Jerry Lawson wrote:
The cas _asm_ instruction for the gcc/sparc environment has a slight flaw: it does not prevent the gcc compiler from generating assembly that contains a invalid register/offset. In other words, the existing _asm_ can cause gcc to generate something like:
cas [%i0+80], %i1, %i2
the relative offset is an illegal address mode for cas instruction.
I'm not a sparc assembly guy, by any stretch of the imagination, but doing some reading at http://blogs.sun.com/wesolows/entry/gcc_inline_assembly_part_2 would seem to indicate that this code:
inline int32_t compare_and_swap( int32_t * dest_, int32_t compare_, int32_t swap_ ) { __asm__ __volatile__( "cas %0, %2, %1"

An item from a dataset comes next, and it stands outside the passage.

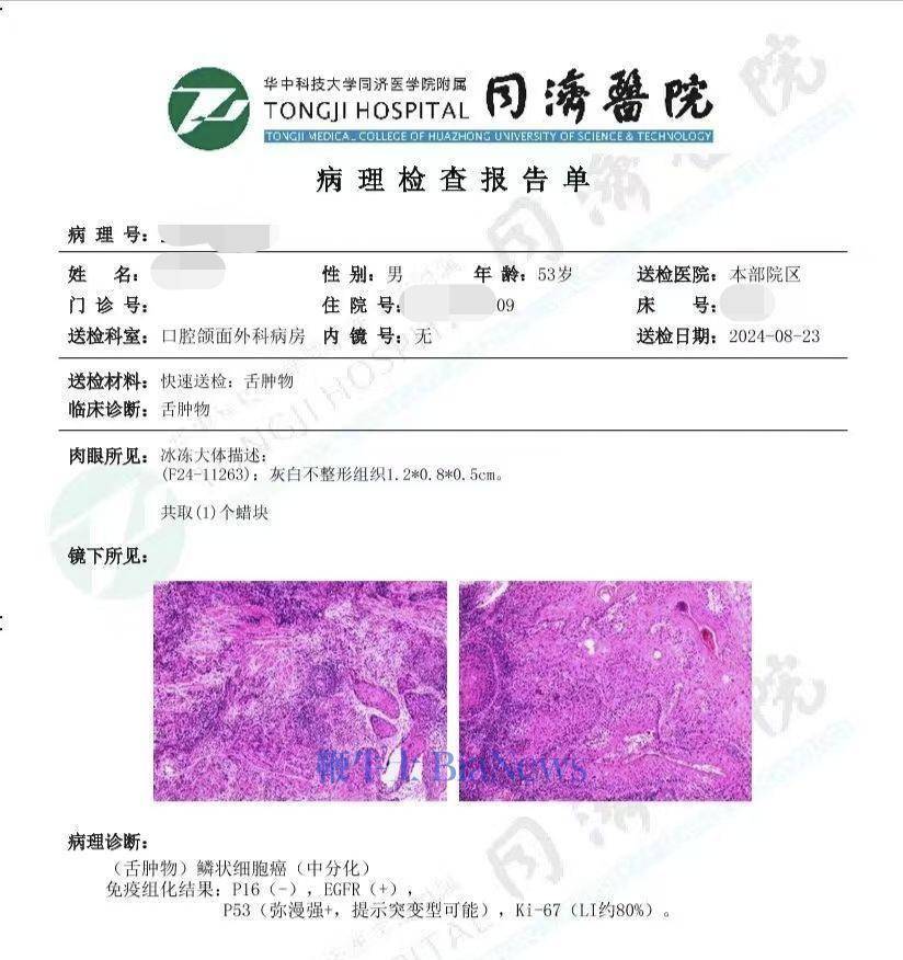2024年8月,他岳父在华中科技大学同济医学院附属同济医院确诊舌癌,病理结果为(舌肿物)鳞状细胞癌(中分化)。“不止病人受罪且花费巨大,其他检查费用不论,手术花费4万有余,且后期放疗费用也需要4万-5万。”
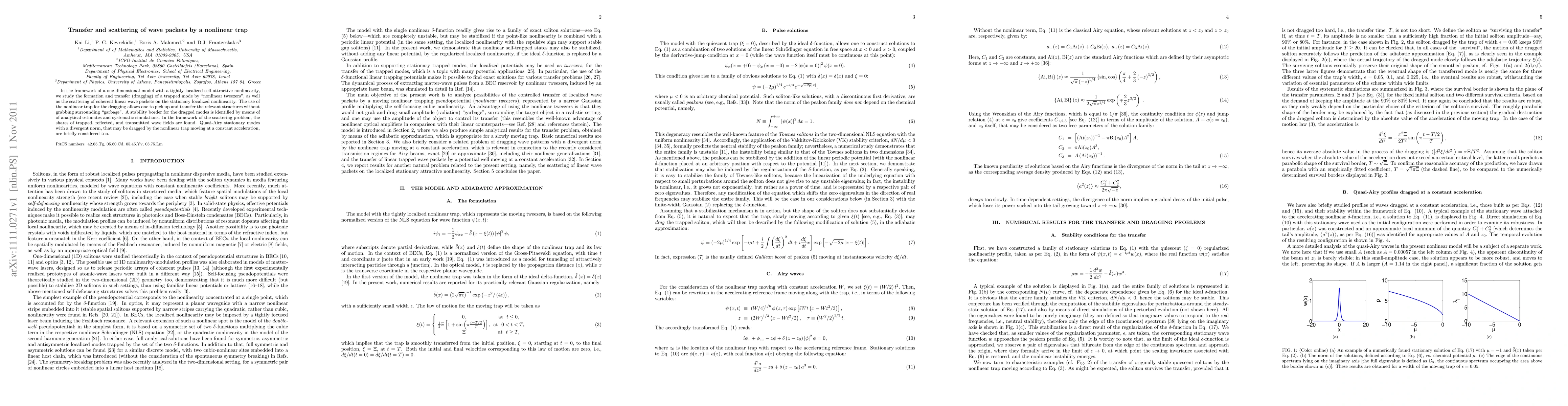 In the framework of a one-dimensional model with a tightly localized self-attractive nonlinearity, we study the formation and transfer (dragging) of a trapped mode by "nonlinear tweezers", as well as the scattering of coherent linear wave packets on the stationary localized nonlinearity. The use of the nonlinear trap for the dragging allows one to pick up and transfer the relevant structures without grabbing surrounding "garbage". A stability border for the dragged modes is identified by means of of analytical estimates and systematic simulations. In the framework of the scattering problem, the shares of trapped, reflected, and transmitted wave fields are found. Quasi-Airy stationary modes with a divergent norm, that may be dragged by the nonlinear trap moving at a constant acceleration, are briefly considered too.

: "+m" (*dest_), "+r" (swap_) : "r" (compare_) : "memory" );
return swap_; }
is not exactly correct. When using -O3 optimization option to gcc, the aforementioned "bad" cas instruction is generated.
Sounds like a gcc bug. Which versions of gcc have you tried?
I'm done some experimenting and with the following code, gcc seems to generate the proper code:
inline int32_t compare_and_swap( int32_t * dest_, int32_t compare_, int32_t swap_ ) { __asm__ __volatile__( "cas [%2], %3, %0"
: "=&r" (swap_) : "0" (swap_), "r" (dest_), "r" (compare_) : "memory" );
return swap_; }
We might be able to use that as a fix if it works, but it's not correct in principle. One case where it fails is on 64 bit machines that use 32 bit pointers. This may not be a problem on SPARCs though.